* Brief
Without including any pictures, retype exactly the lines from the top of the records through the line containing "KIT CHURRASCO EM", that final line included.

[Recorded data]
######

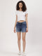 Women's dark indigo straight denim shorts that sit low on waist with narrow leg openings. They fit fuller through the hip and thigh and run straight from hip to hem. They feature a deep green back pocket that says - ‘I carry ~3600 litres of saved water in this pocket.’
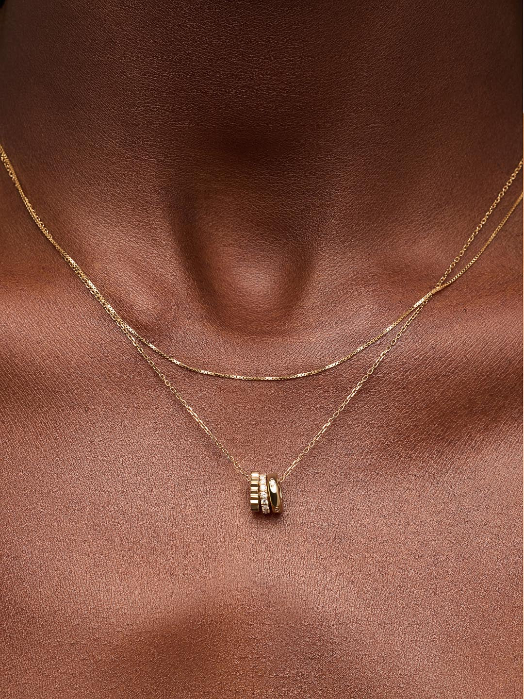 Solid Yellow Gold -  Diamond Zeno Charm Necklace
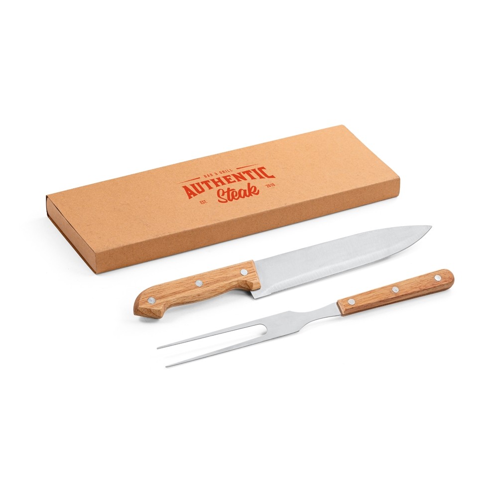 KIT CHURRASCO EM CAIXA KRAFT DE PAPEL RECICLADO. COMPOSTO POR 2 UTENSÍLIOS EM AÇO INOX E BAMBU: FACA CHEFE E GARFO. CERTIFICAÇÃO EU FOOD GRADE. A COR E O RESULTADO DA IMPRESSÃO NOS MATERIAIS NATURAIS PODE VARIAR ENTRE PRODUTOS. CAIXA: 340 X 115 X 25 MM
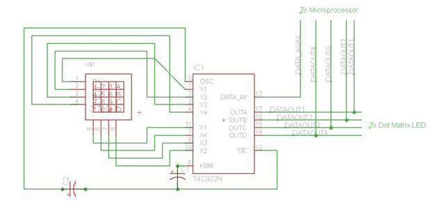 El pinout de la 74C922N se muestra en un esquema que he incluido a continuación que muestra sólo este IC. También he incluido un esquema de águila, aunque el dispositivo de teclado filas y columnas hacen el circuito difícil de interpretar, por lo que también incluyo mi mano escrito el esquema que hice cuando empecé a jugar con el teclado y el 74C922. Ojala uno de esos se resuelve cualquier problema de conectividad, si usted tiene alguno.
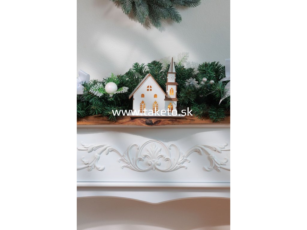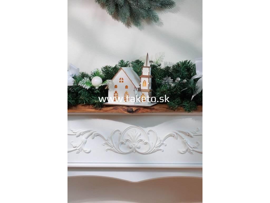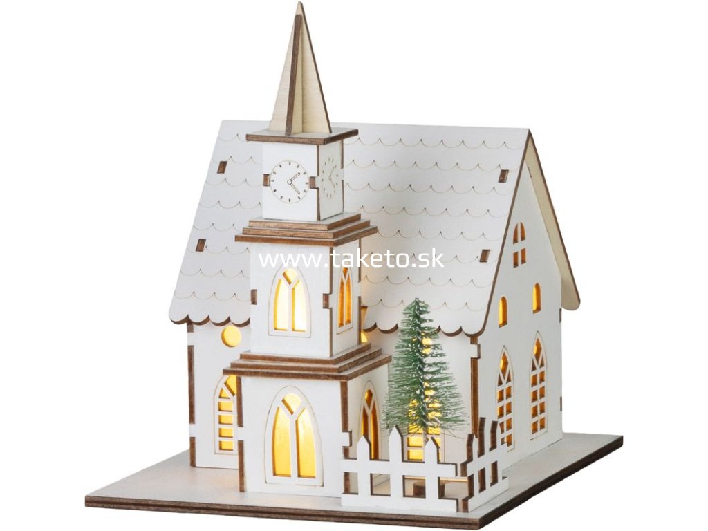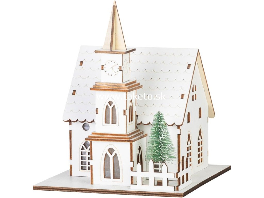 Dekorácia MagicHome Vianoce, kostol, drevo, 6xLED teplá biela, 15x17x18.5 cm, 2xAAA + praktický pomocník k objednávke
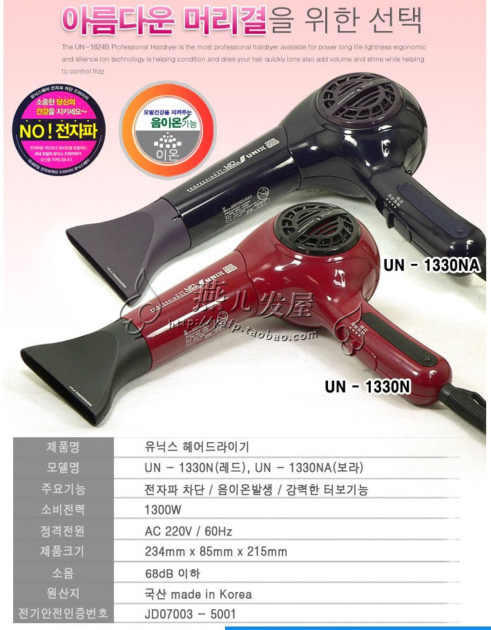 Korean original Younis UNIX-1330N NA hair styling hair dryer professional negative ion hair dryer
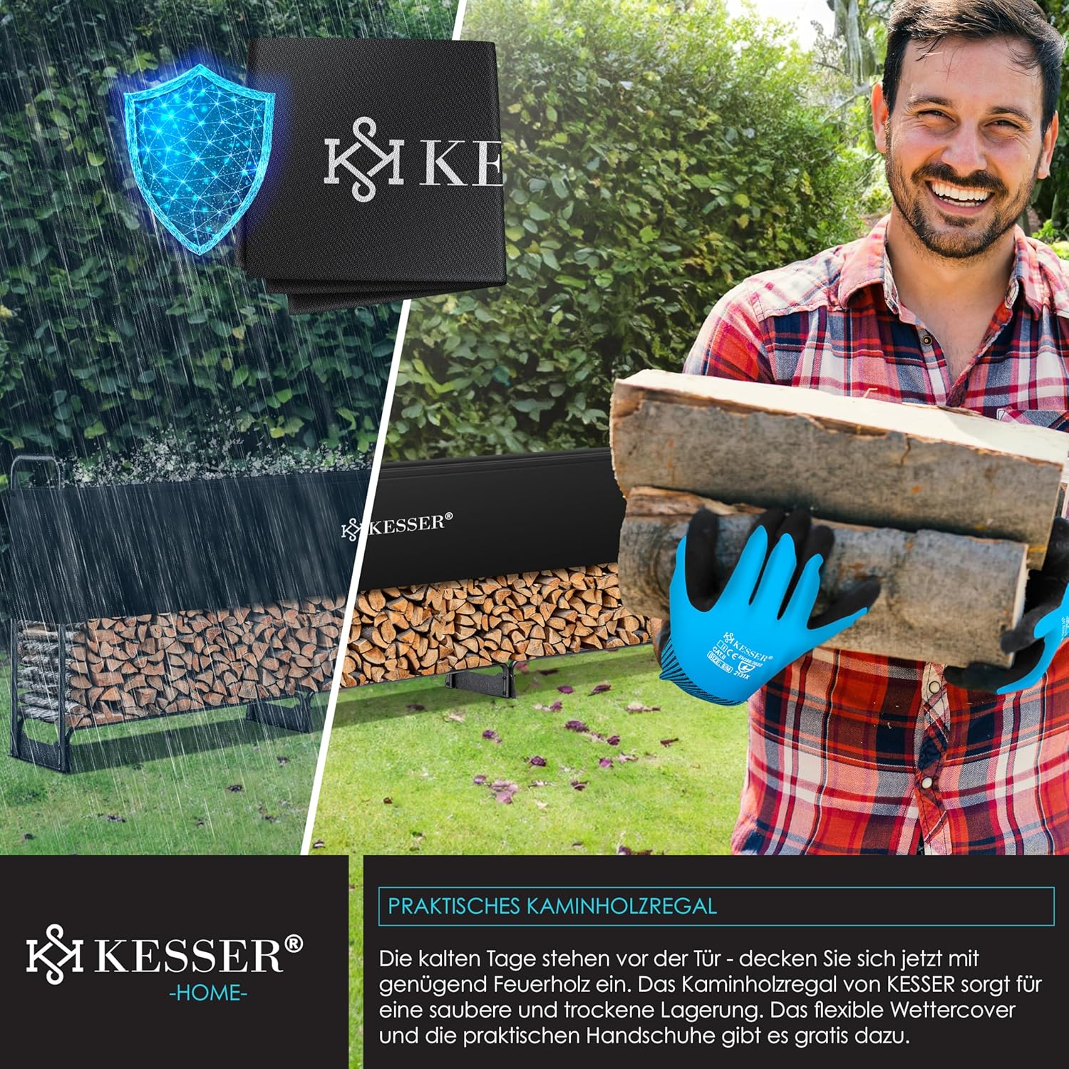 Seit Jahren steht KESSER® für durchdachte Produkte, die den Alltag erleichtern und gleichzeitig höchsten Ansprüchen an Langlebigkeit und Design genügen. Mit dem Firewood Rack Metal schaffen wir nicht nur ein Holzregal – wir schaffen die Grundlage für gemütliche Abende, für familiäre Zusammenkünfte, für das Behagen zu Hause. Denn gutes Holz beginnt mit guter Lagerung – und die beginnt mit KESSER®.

######

* Answer space
 Women's dark indigo straight denim shorts that sit low on waist with narrow leg openings. They fit fuller through the hip and thigh and run straight from hip to hem. They feature a deep green back pocket that says - ‘I carry ~3600 litres of saved water in this pocket.’
 Solid Yellow Gold -  Diamond Zeno Charm Necklace
 KIT CHURRASCO EM CAIXA KRAFT DE PAPEL RECICLADO. COMPOSTO POR 2 UTENSÍLIOS EM AÇO INOX E BAMBU: FACA CHEFE E GARFO. CERTIFICAÇÃO EU FOOD GRADE. A COR E O RESULTADO DA IMPRESSÃO NOS MATERIAIS NATURAIS PODE VARIAR ENTRE PRODUTOS. CAIXA: 340 X 115 X 25 MM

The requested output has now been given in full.